周沙跟肅海對視了一眼,有些不寒而栗。肅海的臉上早已陰云密布,層層疊疊地陰暗著好像隨時有暴風雨襲來。——多少個夜晚,沈亭暄在家里,跟她一門之隔的外面,有一雙眼睛扒著門縫窺探,一雙耳朵貼在門板上探聽,像一只獵食的毒蛇,不懷好意地在黑暗里游弋,時不時發出嘶嘶的叫聲,隨時等著她因為某種原因,不經意地打開房門——
“不過可惜的是,我從來都沒有等到那個機會,”武昭文垂頭喪氣地說,“亭暄總是很小心,太小心了……真可惜啊。不過,你進去過,對吧?她家里是什么樣的,是藍白色的嗎?她最喜歡藍白色……”
“說說你寄卡片之后的事情。”看他又進入了某種狀態,開始跑題,周沙不得不提醒道。
“我知道你肯定進去過。”武昭文碎碎念著,把粘稠的目光從肅海身上緩緩挪開,仿佛拉出一條透明的粘液,重新落在桌面上,“第一個目標當然是那個賤人,誰叫她利用亭暄!她說過喜歡她,結果她的喜歡一文不值,出爾反爾,這種人根本不配去喜歡她!我就決定給她點教訓嘗嘗……然后呢,我有點兒想不起來了……”
肅海把2014年12月25日的卡片遞到他面前。
“哦,想起來了……是那個王八蛋,他活該被砸的頭破血流,被砸的腦漿迸裂,可惜他命大……他看不起亭暄,嘿嘿,就應該得到懲罰!我跟著那個王八蛋,跟了好幾天,總算找到個合適的時候,就悄悄下手,很簡單,過程沒你們想象的那么復雜,人來人往的,沒有誰會特別留意你做什么,只要你自己別心虛。然后,砰——!那么大一聲!從高空突然掉下來!沒人反應過來,都被嚇傻了!哈哈哈!”武昭文猛烈地拍著桌子,“你們知道嗎!我就在不遠處,看他腦袋上都是血,就那么慢慢兒地從腦門,流過眼睛,最后從下巴上滴答、滴答、滴答地落下來,他嚇得一屁股坐在了地上,以為是報應來了,嘴里又哭又叫地喊著,像個瘋子,旁邊的人拉都拉不住,他嚇傻了,哈哈哈!”
“停停停!”看他幾乎要瘋魔,周沙趕緊出言打斷,“這個行了,說說下一個,唐淼淼。”
武昭文停了一會兒,聲音變得干澀起來,“唐淼淼又是誰……”
“嘖,你裝傻是不是?”周沙不耐煩道,“唐淼淼,就是跟沈亭暄一塊兒演戲那個女的,你把人搞出車禍了,記起來了嗎?”
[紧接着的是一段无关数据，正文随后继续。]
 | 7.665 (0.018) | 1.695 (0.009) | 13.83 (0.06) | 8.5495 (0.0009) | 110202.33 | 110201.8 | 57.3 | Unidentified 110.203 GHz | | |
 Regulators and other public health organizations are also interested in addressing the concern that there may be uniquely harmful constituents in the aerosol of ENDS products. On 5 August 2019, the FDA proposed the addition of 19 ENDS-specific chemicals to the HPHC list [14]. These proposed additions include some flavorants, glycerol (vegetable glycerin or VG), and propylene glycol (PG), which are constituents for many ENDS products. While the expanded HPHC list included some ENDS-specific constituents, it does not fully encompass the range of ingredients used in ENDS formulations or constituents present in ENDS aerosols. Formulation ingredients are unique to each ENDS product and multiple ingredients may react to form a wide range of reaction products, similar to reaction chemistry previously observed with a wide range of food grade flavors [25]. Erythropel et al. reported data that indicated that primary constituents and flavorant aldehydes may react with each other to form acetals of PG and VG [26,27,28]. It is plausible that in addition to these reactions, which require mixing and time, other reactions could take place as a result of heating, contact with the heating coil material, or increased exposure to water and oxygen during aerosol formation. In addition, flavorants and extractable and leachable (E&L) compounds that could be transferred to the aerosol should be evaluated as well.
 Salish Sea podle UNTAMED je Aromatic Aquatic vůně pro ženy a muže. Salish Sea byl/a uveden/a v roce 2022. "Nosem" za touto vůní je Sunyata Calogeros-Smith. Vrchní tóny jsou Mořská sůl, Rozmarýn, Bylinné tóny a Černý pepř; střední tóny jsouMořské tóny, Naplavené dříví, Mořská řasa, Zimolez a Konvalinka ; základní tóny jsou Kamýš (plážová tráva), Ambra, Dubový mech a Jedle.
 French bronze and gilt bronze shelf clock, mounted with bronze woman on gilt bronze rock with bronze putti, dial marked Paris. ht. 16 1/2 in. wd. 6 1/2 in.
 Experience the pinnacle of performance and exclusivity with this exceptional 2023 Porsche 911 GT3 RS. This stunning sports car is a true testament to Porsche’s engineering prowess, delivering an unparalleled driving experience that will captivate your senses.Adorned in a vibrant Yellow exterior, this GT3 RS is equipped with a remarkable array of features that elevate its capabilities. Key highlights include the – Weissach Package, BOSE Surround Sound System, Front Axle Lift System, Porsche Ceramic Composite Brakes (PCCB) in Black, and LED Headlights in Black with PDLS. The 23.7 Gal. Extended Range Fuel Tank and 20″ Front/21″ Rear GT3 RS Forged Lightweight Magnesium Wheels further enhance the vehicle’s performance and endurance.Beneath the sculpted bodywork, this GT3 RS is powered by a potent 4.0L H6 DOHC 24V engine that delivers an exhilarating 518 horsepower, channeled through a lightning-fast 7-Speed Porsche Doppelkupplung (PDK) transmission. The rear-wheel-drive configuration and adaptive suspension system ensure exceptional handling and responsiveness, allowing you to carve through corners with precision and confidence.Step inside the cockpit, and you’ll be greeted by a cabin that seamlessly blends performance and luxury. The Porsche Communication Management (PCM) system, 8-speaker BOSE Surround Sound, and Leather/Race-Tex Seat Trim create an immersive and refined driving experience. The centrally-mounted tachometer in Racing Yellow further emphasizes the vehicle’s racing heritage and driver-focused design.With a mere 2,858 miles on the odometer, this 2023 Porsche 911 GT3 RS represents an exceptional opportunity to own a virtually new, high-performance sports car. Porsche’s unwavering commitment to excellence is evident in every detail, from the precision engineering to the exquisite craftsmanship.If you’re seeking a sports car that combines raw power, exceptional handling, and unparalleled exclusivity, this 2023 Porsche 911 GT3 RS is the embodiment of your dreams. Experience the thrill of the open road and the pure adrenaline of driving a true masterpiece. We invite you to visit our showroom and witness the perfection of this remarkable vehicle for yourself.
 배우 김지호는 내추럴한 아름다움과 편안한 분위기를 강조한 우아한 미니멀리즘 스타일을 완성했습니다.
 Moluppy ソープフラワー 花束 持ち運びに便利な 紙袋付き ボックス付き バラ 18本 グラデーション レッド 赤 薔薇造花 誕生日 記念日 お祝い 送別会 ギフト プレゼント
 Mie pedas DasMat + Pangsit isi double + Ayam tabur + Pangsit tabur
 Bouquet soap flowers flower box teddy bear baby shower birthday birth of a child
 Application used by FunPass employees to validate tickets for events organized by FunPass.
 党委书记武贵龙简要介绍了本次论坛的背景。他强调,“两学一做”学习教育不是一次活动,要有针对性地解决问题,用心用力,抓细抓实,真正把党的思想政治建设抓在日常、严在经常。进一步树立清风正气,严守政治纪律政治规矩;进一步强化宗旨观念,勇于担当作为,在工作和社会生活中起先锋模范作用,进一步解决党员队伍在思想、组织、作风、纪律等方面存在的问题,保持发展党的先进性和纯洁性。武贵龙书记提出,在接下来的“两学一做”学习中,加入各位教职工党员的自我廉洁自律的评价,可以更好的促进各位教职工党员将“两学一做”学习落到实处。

“你是說那個娼婦……”武昭文的眼睛轉了轉,“她不就是個被包養的小*婊*子*嗎,怎么有資格跟亭暄搶休息室,我本來沒打算對她下手,但是她太過分了,好幾次我去探班,都看見她沒事找事……人啊,要是自己找死,我是攔不住的。”他的嘴角浮現出一抹古怪的笑意。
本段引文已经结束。